Although our discussion has been in terms of generator operation, the equivalent circuit is the same for both **synchronous motor and generator** operation, except for the direction of the armature current.

**FIGURE 3:** Per-phase synchronous machine equivalent circuit.

- Including armature reactance.
- Simplified, neglecting armature reactance.

**Determining the Synchronous** **Reactance**

In order for a model to be of use, there must be some method to determine the parameters of the model, in particular, the synchronous reactance.

Fortunately, we can get an approximate value for the synchronous reactance using two simple tests —the open-circuit and short-circuit tests.

**Open-Circuit Test**

Looking at the equivalent circuit of Figure 3(b), under open-circuit conditions the terminal voltage of the machine will be equal to the generated voltage. The generated voltage is given by equation 1.

Because the steel of the synchronous machine will eventually saturate, the generated voltage will show the effects of magnetic saturation when plotted as a function of the field current.

The **dashed line** in Figure 4 shows a plot of the open-circuit voltage of a small synchronous machine. At low values of field current, the open-circuit voltage is essentially linearly related to the field current. At a field current of about 0.45 amps, however, the steel begins to saturate magnetically and the rate of increase in voltage begins to roll off as the field current is increased up to 1.0 amps.

The **linear portion** of the open-circuit voltage characteristic and its extension, shown by the **heavy solid line**, is called the *air gap line**.* When operating on the air- gap line, the synchronous reactance is fairly constant.

“By driving the generator at the constant speed with no load and varying the field current, one can obtain the open-circuit characteristic.”

**FIGURE 4:** Characteristic curves of a synchronous generator.

**Short-Circuit Test**

Figure 4 shows the equivalent circuit of the synchronous generator with a short circuit applied at the terminals. Under this condition, all of the generated voltage will be dropped across the synchronous reactance:

\[\begin{matrix} {{E}_{a}}=j{{I}_{sc}}{{X}_{s}} & {} & \left( 3 \right) \\\end{matrix}\]

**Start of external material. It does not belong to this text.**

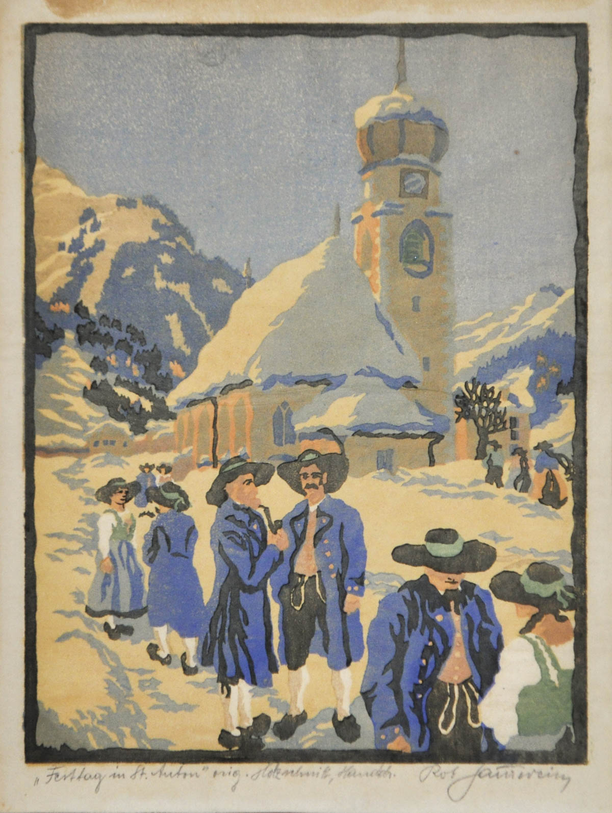 Robert Saurwein Giornata di festa a St. Anton;Xilografia a colori, 26 x 19,5...

Where I_{sc }is the short-circuit current.

By applying a short at the terminals of the machine and driving it at rated speed with some excitation, the short-circuit current can be found as a function of the field current. The **solid line, marked with triangles**, in Figure 4 shows the short-circuit current.

In reality, it is not usually possible to obtain the short-circuit current directly with rated field current, as the armature current would be too high. Thus, only the lower portion of the characteristic is measured directly, and the resulting line is extended to rated field current.

In the case shown in Figure 4, the field current was raised only to 0.25 amps when the short was applied to the synchronous machine terminals. The remainder of the curve was linearly extrapolated.

**FIGURE 4:** Equivalent circuit of the synchronous machine with short applied at terminals.

Equation 3 can be solved for the synchronous reactance:

\[\begin{matrix} {{X}_{s}}=\frac{{{E}_{a}}}{{{I}_{sc}}} & {} & \left( 4 \right) \\\end{matrix}\]

“It is important to ensure that the generated voltage and the short-circuit current used in equation 4 are both measured at the same value of field current.”

Because the generated voltage is a nonlinear function of the field current, the value calculated for the synchronous reactance will depend on the field current. The solid curve, marked by solid squares, in Figure 4 shows the variation of the calculated synchronous reactance.